Y estos problemas se producen en todo el sistema; por ejemplo, en recursos humanos o en carteras de servicios. Las autonomías sensatas tienen que sentarse con el Ministerio de Sanidad para reconstruir un vigoroso espacio común a través de acuerdos de coordinación inter-autonómica. Les va en ello no solo la calidad sanitaria, sino también la capacidad de hacer política económica efectiva.
PISA está muy lejos de demostrar que nuestra educación no universitaria haya mejorado sustancialmente al ser transferida. La comparación con los castellanos, líderes nacionales, sonroja. Otra cosa puede decirse de la Universidad de Cantabria (UC), que ha sabido entender que si se quedaba parada acabaría bajando la persiana. Sin embargo, se aceleran los nuevos formatos de estudios superiores y la región no podrá soportar mucho tiempo la sobrecarga de títulos universitarios y el déficit de títulos de FP; es decir, la disimetría respecto del mercado formativo y laboral alemán, que marca la pauta de la zona euro. La UC debe aprovechar el margen de actuación que se ha construido: no es eterno y las universidades pueden acabar dentro de un tiempo como las cajas de ahorros, con una gran reestructuración.
La autonomía de Cantabria necesita un Libro Blanco sobre sus próximos treinta años si no quiere seguir arrastrada por unas inercias estructurales que van a agudizarse por la evolución demográfica. En cuanto a nuestro carácter europeo, el chaparrón de millones nos acostumbró a ver la Unión como un tío millonario que nos sacaba de todas y no como un proyecto vital que podemos configurar con nuestras propias iniciativas. El estudio de AFI calcula que hemos recibido más de 2.000 euros por habitante en ayudas europeas.
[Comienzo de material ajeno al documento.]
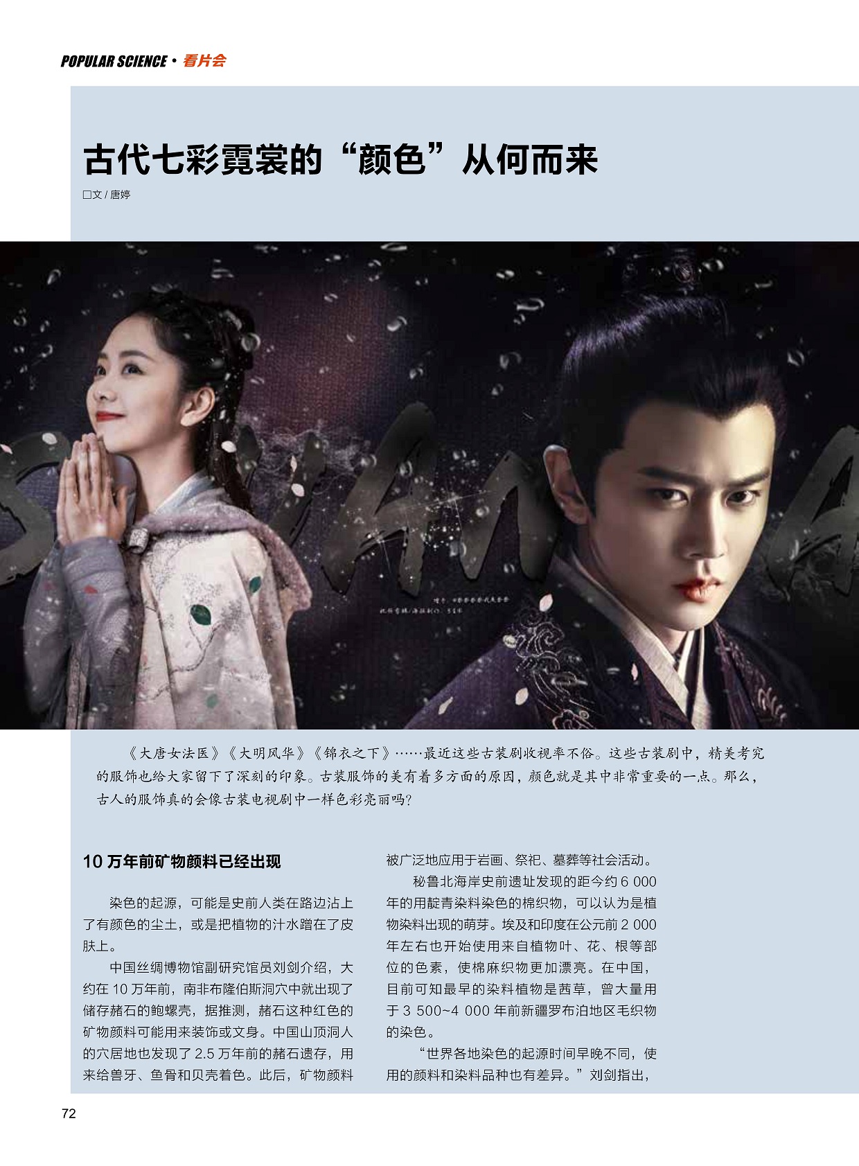 名刊科普精選:《科學大眾》——古代七彩霓裳的“顏色”從何而來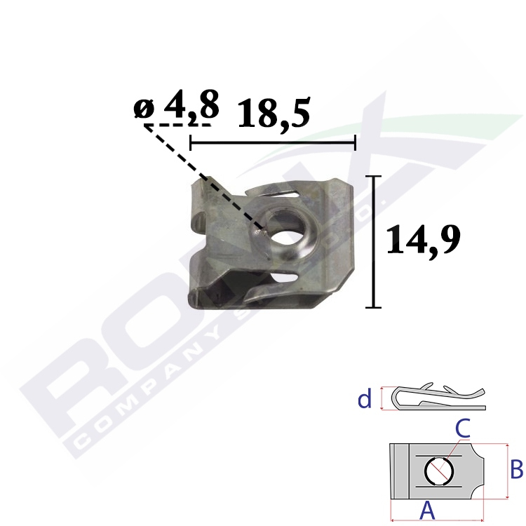 Wymiary: A 18,5 B 14,9 C 4 d 5,1 na wkręt 4,8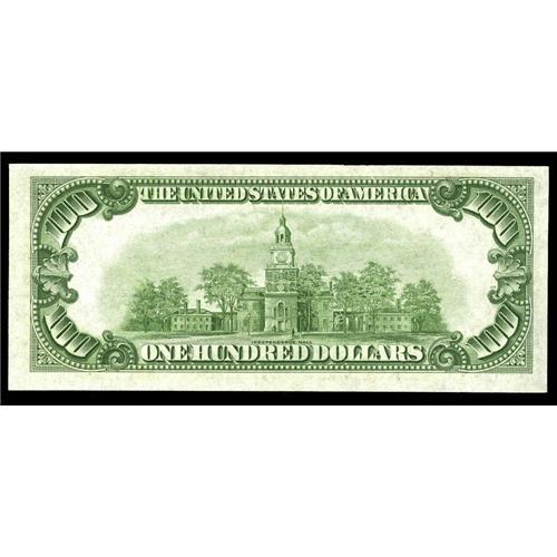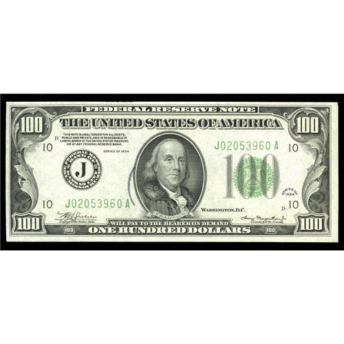 <B>Fr. 2152-J $100 1934 Federal Reserve Note. Choice Crisp Uncirculated.</B></I><BR>Here is a new high serial number by a wide margin for the Oakes tome. Embossing is noticed on this KC $100 that has a partial black ring from a teller stamp just to the left of the portrait.

Europa, por otro lado, ha implicado una fuerte reconversión industrial y ganadera en Cantabria, precisamente dos motores fundamentales de empleo y de superioridad en renta por habitante durante los años del desarrollismo. No está claro que hayamos sabido aprovechar el mercado común en todo su potencial. El campo languidece y se vacía. La industria se ha hecho más productiva y exportadora, pero utiliza menos mano de obra y una parte no desdeñable está escribiendo sus balances en la arena del medio plazo.
Así que pasen otros 30 años seremos el sur del norte si no hacemos nada para mejorar la autonomía y la ‘europeanía’. España creció un 93% y nosotros un 56%, ¿qué más argumentos necesitamos?